The shock of how much self-hatred you're actually capable of blasts your ego to shreds and sends you reeling into the empty desert. You disappears from society and from yourself. When you sabotage so much of your own happiness, when happiness is just within your reach and instead of embracing it you turn around and punch down the handle on the slot machine of the universe once again, just for another bitter hit of nothing, when you gamble the last shred of your dignity away, you get to thinking that you really don’t deserve to be anyone at all.
But it turns out that even your sober, good-natured, well-intentioned brother, who has a European wife, hates himself too.
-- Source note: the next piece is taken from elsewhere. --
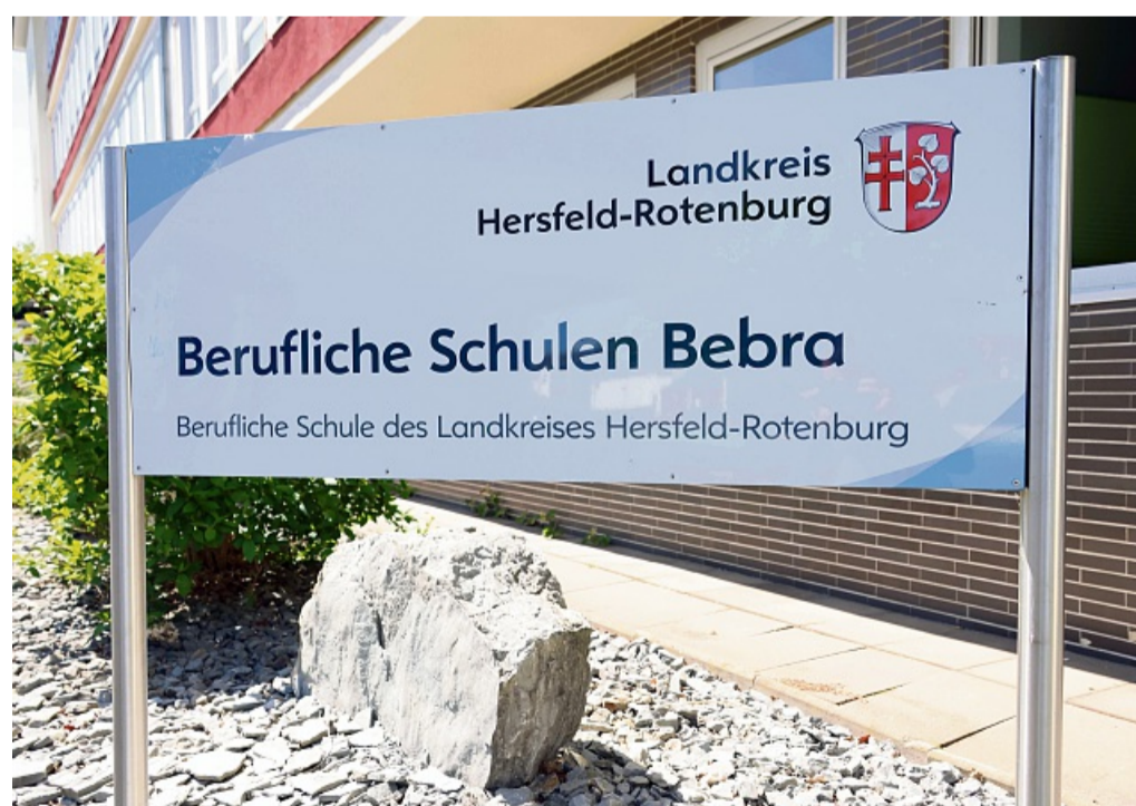
Fertigstellung nach vier Jahren: Das Ergebnis kann sich sehen lassen.

Das Werkstattgebäude wurde während der Baumaßnahme komplett entkernt und nach den neuesten Anforderungen der verschiedenen Ausbildungsberufe saniert. Durch das breite Angebot der Beruflichen Schule Bebra benötigt es dafür spezielle Materialien und neueste Technik. Unter anderem ist im neuen Gebäudekomplex eine Werkstattgrube entstanden. Die ersten IHK-Prüfungen konnten im neuen Werkstattgebäude bereits erfolgreich absolviert werden. Das Projekt hat insgesamt ein Gesamtvolumen von 5,7 Millionen Euro.

Because he drags you back from the desert so that he can have a chance to gamble his happiness away too. He lets you into his home. Tries to help you reintegrate into society. You kidnap his child. Who’s really your child, the son you abandoned years ago.
The universe delivers you back to her. This movie is really about life after ego death. Once you’ve stared into the black maw of who you are and how far you’ll go to destroy your own life, do you really think you can reintegrate into society after that. You find her in a telephone booth that’s decorated in a caricature of a motel room, like all these years she’s been locked in a box of the room that you left her in. This is going to be the last selfish thing that you’re going to do. After that, you’re going to leave her alone. You’re going to step away. Because whether you’re mean or you’re nice, life comes to fuck us all. The universe doesn’t care about your happiness or your kindness because even you don’t care about these things. You’d throw them all away in the blink of an eye for a chance to be unhappy again.
When you drive away from the hotel room where they've been reunited, that will be the first selfless thing you've ever done.